DATA BLOCK:
------------------------------------
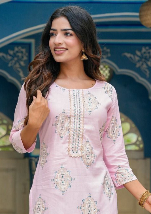 Pretty Pink Color Gold Print Rayon Kurti With Embroidery Work
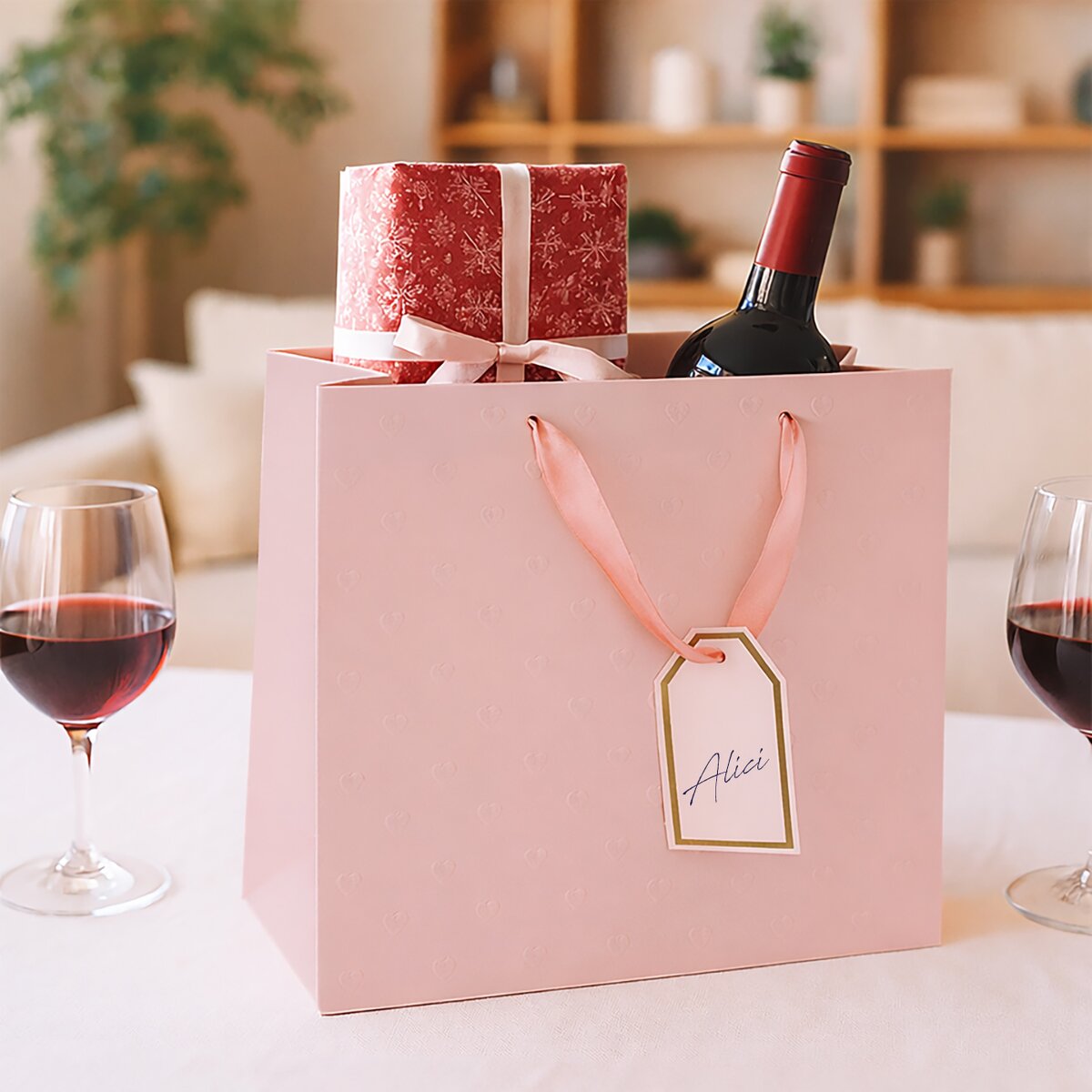 Je doplněná jmenovkou, kam lze napsat věnování nebo jméno obdarovaného. S jejím přenášením pomohou držadla z růžové polyesterové stužky.
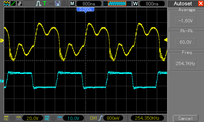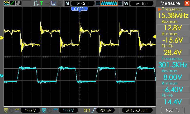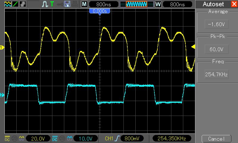 Hallo, Nachdem ich endlich mal wieder Zeit zum Basteln finde, habe ich meine Teslaspule fertig gebaut. In der Schaltplan.gif habe ich mal die Messpunkte eingezeichnet: Messpunkt 1: Immer Kanal 2 (Blau) Messpunkt 2: Hantek3_4.gif Kanal 1 (Gelb) Messpunkt 3: Hantek3_3.gif Kanal 1 (Gelb) Zum Zeitpunkt der Messung Wurde nichts an der Schaltung angeschlossen, und die Schaltung wurde mit 12V betrieben(alles aus 1 Netzteil). Ohne den Teil hinterm GDT Übertrager zieht die Schaltung ca.0,05A. Wenn ich jetzt die Ganze Schaltung mit meinen 12V versorge, braucht die Schaltung 0,19A. Dreh ich die Frequenz ganz auf, dann 0,49A. Ohne den Teil hinterm Übertrager schaff ich meine 390 bis 410khz. Mit dem Teil hinterm Übertrager komm ich auf Max. 300khz. Ohne den Teil hinterm Übertrager ist das Signal vom Übertrager astrein. Mit dem Teil hinterm Übertrager ist das Signal naja... (Siehe Hantek3_4.gif). Nun meine Frage(n): Woher kommt der hohe Stromverbrauch, und weshalb bricht die Frequenz so stark ein? Ich hoffe ich hab alles genau genug beschrieben, unf ihr könnt mir helfen. Mfg Pascal
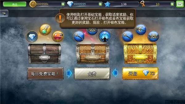 钥匙:开启竞技场结束后的宝箱,获取奖励,每天赠送。
------------------------------------
WHAT TO WORK ON:
Restate the whole of the material word for word without the pictures.

WRITTEN SOLUTION:
 Pretty Pink Color Gold Print Rayon Kurti With Embroidery Work
 Je doplněná jmenovkou, kam lze napsat věnování nebo jméno obdarovaného. S jejím přenášením pomohou držadla z růžové polyesterové stužky.
 Hallo, Nachdem ich endlich mal wieder Zeit zum Basteln finde, habe ich meine Teslaspule fertig gebaut. In der Schaltplan.gif habe ich mal die Messpunkte eingezeichnet: Messpunkt 1: Immer Kanal 2 (Blau) Messpunkt 2: Hantek3_4.gif Kanal 1 (Gelb) Messpunkt 3: Hantek3_3.gif Kanal 1 (Gelb) Zum Zeitpunkt der Messung Wurde nichts an der Schaltung angeschlossen, und die Schaltung wurde mit 12V betrieben(alles aus 1 Netzteil). Ohne den Teil hinterm GDT Übertrager zieht die Schaltung ca.0,05A. Wenn ich jetzt die Ganze Schaltung mit meinen 12V versorge, braucht die Schaltung 0,19A. Dreh ich die Frequenz ganz auf, dann 0,49A. Ohne den Teil hinterm Übertrager schaff ich meine 390 bis 410khz. Mit dem Teil hinterm Übertrager komm ich auf Max. 300khz. Ohne den Teil hinterm Übertrager ist das Signal vom Übertrager astrein. Mit dem Teil hinterm Übertrager ist das Signal naja... (Siehe Hantek3_4.gif). Nun meine Frage(n): Woher kommt der hohe Stromverbrauch, und weshalb bricht die Frequenz so stark ein? Ich hoffe ich hab alles genau genug beschrieben, unf ihr könnt mir helfen. Mfg Pascal
 钥匙:开启竞技场结束后的宝箱,获取奖励,每天赠送。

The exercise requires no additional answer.